Unnamed: 0,track_name,size_bytes,price_dollars,user_rating,prime_genre,lang.num
0,Facebook,389879808,0.0,3.5,Social Networking,29
1,Instagram,113954816,0.0,4.5,Photo & Video,29
2,Clash of Clans,116476928,0.0,4.5,Games,18
3,Temple Run,65921024,0.0,4.5,Games,1
4,Pandora - Music & Radio,130242560,0.0,4.0,Music,1


In [13]:
available_categories = data['prime_genre'].unique()
print(available_categories)

['Social Networking' 'Photo & Video' 'Games' 'Music' 'Reference'
 'Health & Fitness' 'Weather' 'Utilities' 'Travel' 'Shopping' 'News'
 'Navigation' 'Lifestyle' 'Entertainment' 'Food & Drink' 'Sports' 'Book'
 'Finance' 'Education' 'Productivity' 'Business' 'Catalogs' 'Medical']


In [14]:
# encode categorical variables
encoder = LabelEncoder()
data['prime_genre'] = encoder.fit_transform(data['prime_genre'])
print(data['prime_genre'].unique())

[18 14  7 11 16  8 22 21 20 17 13 12  9  4  6 19  0  5  3 15  1  2 10]


In [15]:
# select the relevant features and target variable
X = data[['size_bytes','price_dollars','prime_genre','lang.num']]
y = data['user_rating']

In [16]:
from sklearn.model_selection import train_test_split
from sklearn.neighbors import KNeighborsRegressor
from sklearn.metrics import r2_score, mean_absolute_error, mean_squared_error
import numpy as np

# select the relevant features and target variable
X = data[['size_bytes', 'price_dollars','prime_genre', 'lang.num']]
y = data['user_rating']

# split data into training and testing sets
X_train, X_test, y_train, y_test = train_test_split(X, y, test_size=0.2, random_state=42)

# train the model on the training set
model = KNeighborsRegressor(n_neighbors=100)
model.fit(X_train, y_train)

# predict the target variable for the test set
y_pred = model.predict(X_test)

# calculate r2-score, mean absolute error, and root mean squared error
r2 = r2_score(y_test, y_pred)
mae = mean_absolute_error(y_test, y_pred)
rmse = np.sqrt(mean_squared_error(y_test, y_pred))

print(f"The r2-score of the model is {r2:.2f}")
print(f"The mean absolute error of the model is {mae:.2f}")
print(f"The root mean squared error of the model is {rmse:.2f}")
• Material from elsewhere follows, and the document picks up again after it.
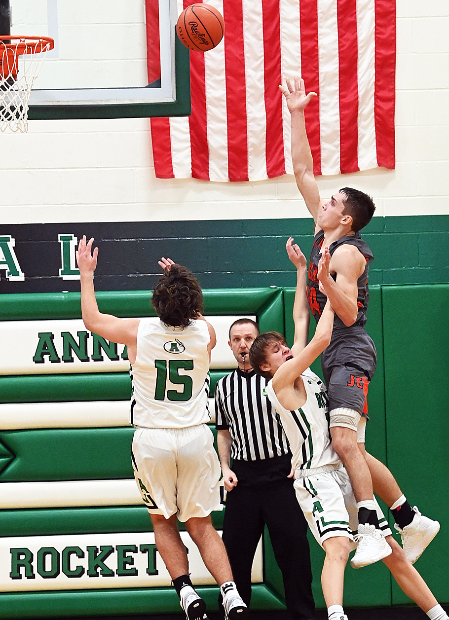 Game winner....Jackson Center's Camdyn Reese releases the game-winning shot with 4.7 seconds left to play Friday, lifting the Tigers to a heart-stopping 57-56 win over Anna. Read about the game in Saturday's Press Pros.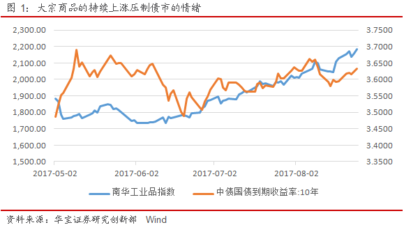 资金面维持偏紧状态,债券市场收益率小幅走高。上周,央行公开市场操作净回笼2500亿元,资金面继续维持偏紧的状态。资金面的持续紧张,使得债券市场的情绪受到了压制。此外,供给侧改革深化和环保督查的持续发酵引发了市场对于大宗商品持续上涨的担忧,大宗商品价格的持续上涨也带动了债券市场收益率的抬升。对于信用债而言,收益率整体上行,且上行幅度普遍在7-12bp之间,信用利差进一步压缩。在基本面、政策面等在短期没有超预期的情况下,资金面成为目前市场的主要矛盾,资金面的持续偏紧也在一定程度上压制了债市的表现。

The r2-score of the model is 0.05
The mean absolute error of the model is 1.08
The root mean squared error of the model is 1.44


In [18]:
import pandas as pd
import warnings

warnings.filterwarnings("ignore") # to avoid the printing of a warning which does not affect the code

# define the bins and labels
bins = [0, 1, 2, 3, 4, 5] # the bins are based on the rating scale from 1 to 5
labels = ['Low', 'Medium-Low', 'Medium', 'Medium-High', 'High']

# get user inputs
print("Available app genres are : ")
for i in available_categories:
    print(i)

while True:
  user_category = input('Enter the genre of the app : ')
  if user_category in available_categories:
     break
  else :
      print(f"{user_category} is not a valid genre. Please enter a valid genre.")

while True:
  try:
    price = float(input('Enter the price of the app in dollars : '))
    if price<0:
      raise ValueError
    break
  except ValueError:
    print("Price should be a positive number.Please enter a valid price")

while True:
  try:
    size = float(input('Enter the size of the app in bytes : '))
    if size<0:
      raise ValueError
    break
  except ValueError:
        print("Size should be a positive number.Please enter a valid size")

while True:
  try:
    lang_num = float(input('Enter the number of supported languages : '))
    if lang_num<0:
      raise ValueError
    break
  except ValueError:
        print("Language number should be a positive number.Please enter a valid number")

# encode user input category
user_category = encoder.transform([user_category])[0]

# predict the user rating
rating = model.predict([[size,price,user_category,lang_num]])[0]

# categorize the success rate
success_category = pd.cut([rating], bins=bins, labels=labels)[0]

# print the result
print(f"The predicted rating of the app will be around {rating}, which falls under the {success_category} success category.")

Available app genres are : 
Social Networking
Photo & Video
Games
Music
Reference
Health & Fitness
Weather
Utilities
Travel
Shopping
News
Navigation
Lifestyle
Entertainment
Food & Drink
Sports
Book
Finance
Education
Productivity
Business
Catalogs
Medical
game is not a valid genre. Please enter a valid genre.
The predicted rating of the app will be around 3.76, which falls under the Medium-High success category.